Haozhen Yan, Ruoxin Chen, Jiahui Zhan, Bo Wang, Youchang Xiao, Shouhong Ding, Liqing Zhang, Taiping Yao, Jianfu Zhang

cs.CVarXiv:2608.20882

Abstract

Modern generators faithfully model macroscopic semantics, producing synthetic images that appear highly realistic. Consequently, decisive forensic cues reside in subtle non-semantic visual discrepancies. To reveal these cues, we revisit AIGI detection from a geometric perspective and identify an architecture-agnostic signature. Specifically, modern generators exhibit low-rank collapse (i.e., rank degeneracy) in the semantic-residual orthogonal subspace while largely preserving the dominant semantic direction.
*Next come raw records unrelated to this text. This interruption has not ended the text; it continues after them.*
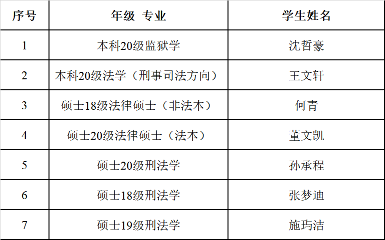 根据新利18官方客服《关于开展2021年新利18官方客服“优秀学生共产党员”评选方案》的精神,参照2020年版学生手册《上海政法学“三好学生”评选办法》对“优秀学生共产党员”的评选要求,刑事司法学院优秀学生共产党员评审工作小组根据符合条件学生的申请进行评审,推荐以下7位同学参评2021年新利18官方客服“优秀学生共产党员”,推荐名单如下:
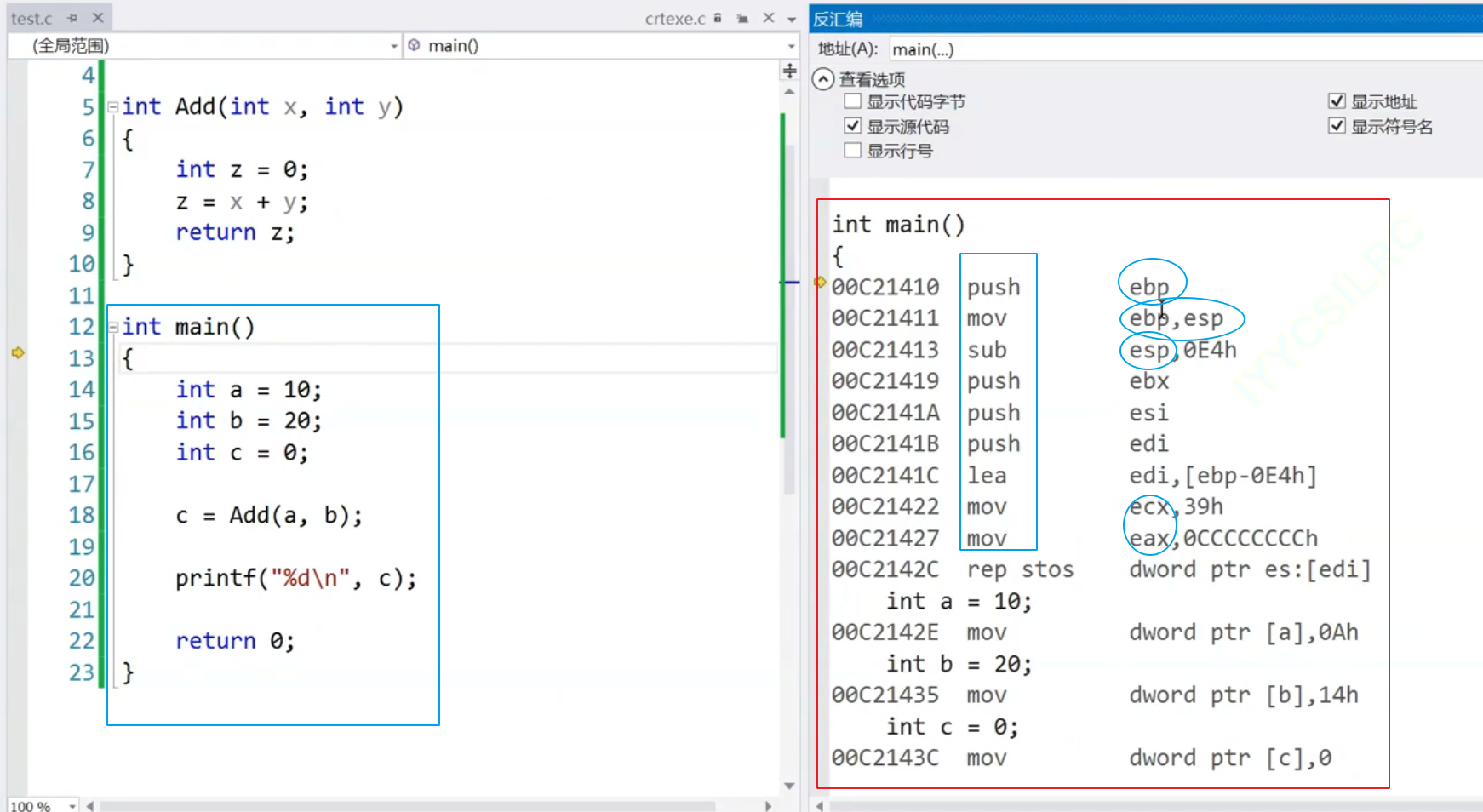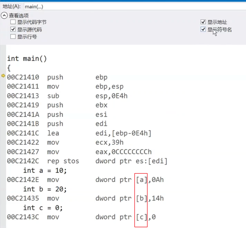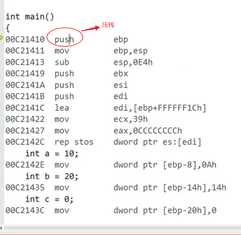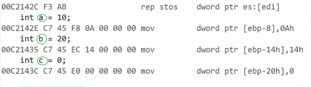 //将0存储到ebp-20h这个地址中,ebp-20h的位置其实就是变量c
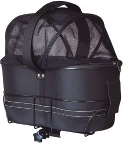 Deze fietsmand is gemaakt van vormvast EVA. Het stevige metalen frame zorgt voor veilig vervoer van je dier. Je kan de mand met behulp van het mechanisme vastmaken aan je bagagedrager. Deze mand bevat een gaasafdekking die optimale bescherming biedt, vooral bij energieke dieren die te lomp zijn voor een koepel van gaas. Dankzij de koepel zit je hond veilig in de mand en kan deze er niet uitspringen, maar door het gaas is er wel sprake van een goede luchtcirculatie. Je kan de koepel ook open doen, dankzij de geïntegreerde korthouder kan je je hond aan zijn halsband of tuig vastmaken in de mand zodat hij er niet uit kan springen als deze open staat.
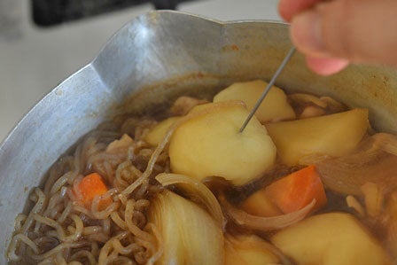 10分たったら、串を大きめのじゃが芋に刺して火通りを確認します。すっと刺さったらOKです(硬いようなら弱火で1~2分追加で加熱してください)。
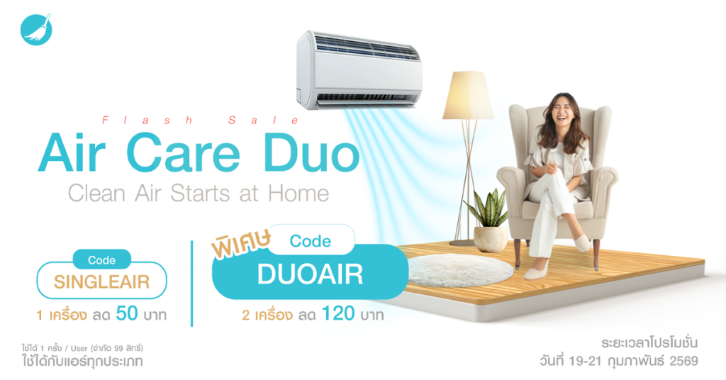 February 17, 2026 🔥Flash Sale – AirCare Duo : Clean Air Starts at Home. 🏠 รับส่วนลดสูงสุด 120 บาท 🔥Flash Sale – AirCare Duo : Clean Air Starts at Home. 🏠 PM 2.5 อยู่ข้างนอก…แต่ “ฝุ่นสะสม” อยู่ข้างในบ้านได้เหมือนกัน 💨 จองบริการ 1 เครื่อง รับส่วนลด 50 บาท…
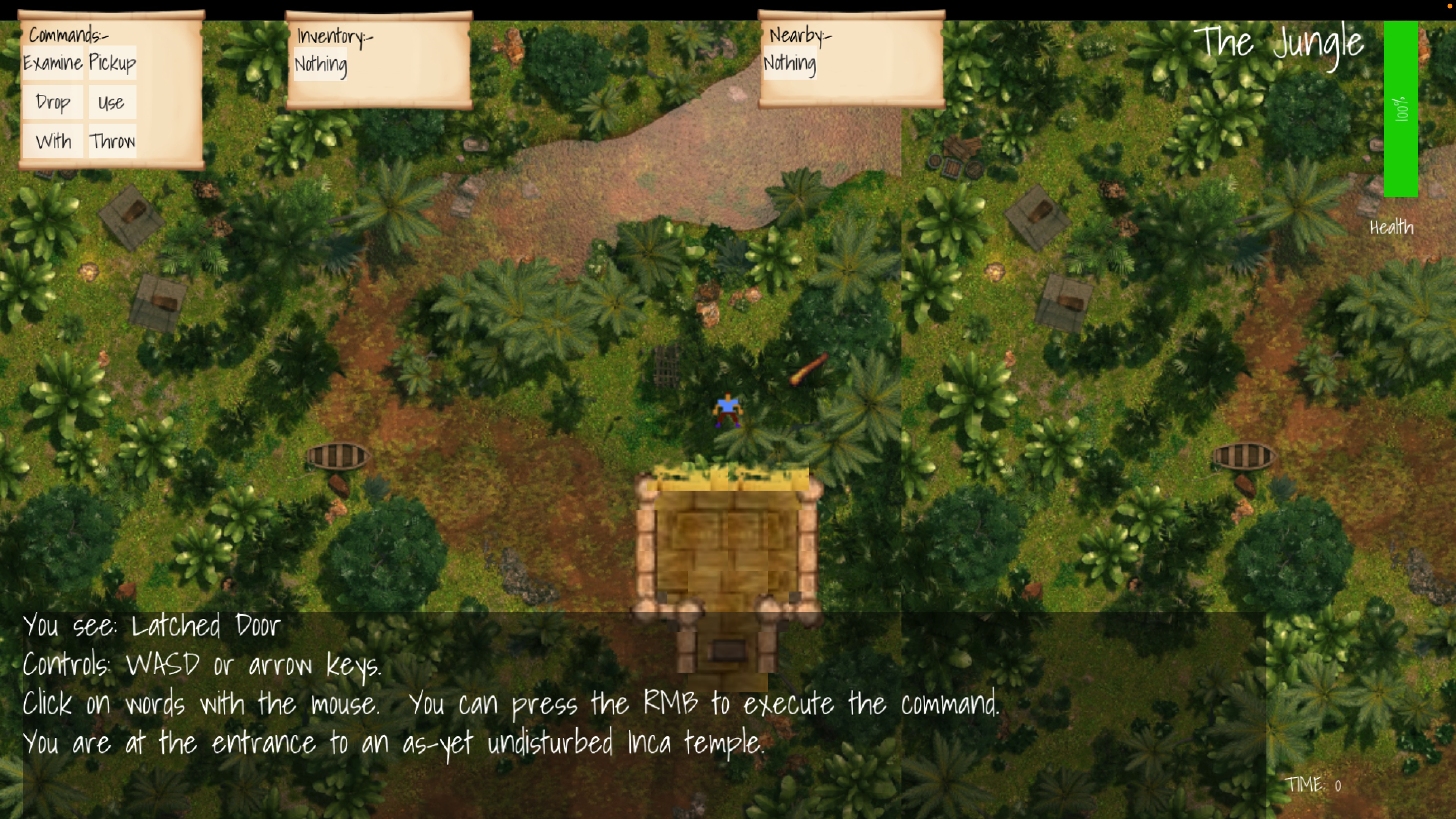 Управление не очень традиционное для старых квестов: стрелки или WASD для перемещения, клики по глаголам и существительным для составления команд. Команду можно выполнить либо нажатием кнопки Enter, либо правой кнопкой мыши. Некоторые предметы на карте можно выбирать прямым кликом — удобная модернизация. Графика в Inca Curse, к сожалению, не блещет, но со своей задачей справляется: понятно, куда идти и какой предмет лежит перед вами.
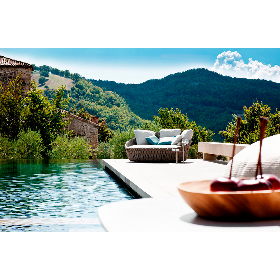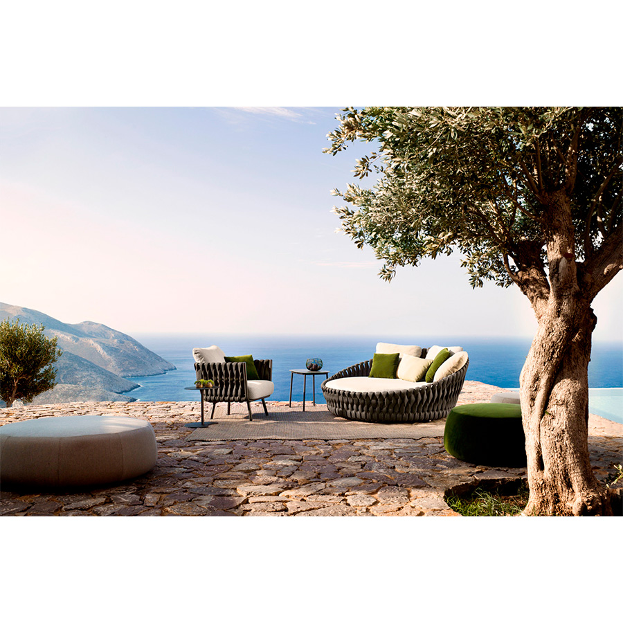 Monica ArmaniThe Tosca outdoor furniture collection is warm yet welcoming, elegant, and intriguing. It was the first time Belgian outdoor furniture manufacturer Tribù had worked with a woman on their designs. Femininity and emotion were the keywords in this exclusive outdoor furniture design, which is characterized by a seat with a single extra-wide and vertical braid supported by fine flared legs.

This structural flattening consistently emerges during the final decoding stage, forming a shared bottleneck across diverse generator architectures. Motivated by this signature, we propose LoRC, a framework that decouples semantic dominance to capture the collapsed residual geometry induced by the generative decoding bottleneck. Our method improves accuracy by an average of 7.0\% across multiple benchmarks and achieves 97.0\% accuracy on 39 unseen generators. These results demonstrate strong cross-model generalization and robustness, making LoRC a reliable approach for AIGI detection in complex real-world environments.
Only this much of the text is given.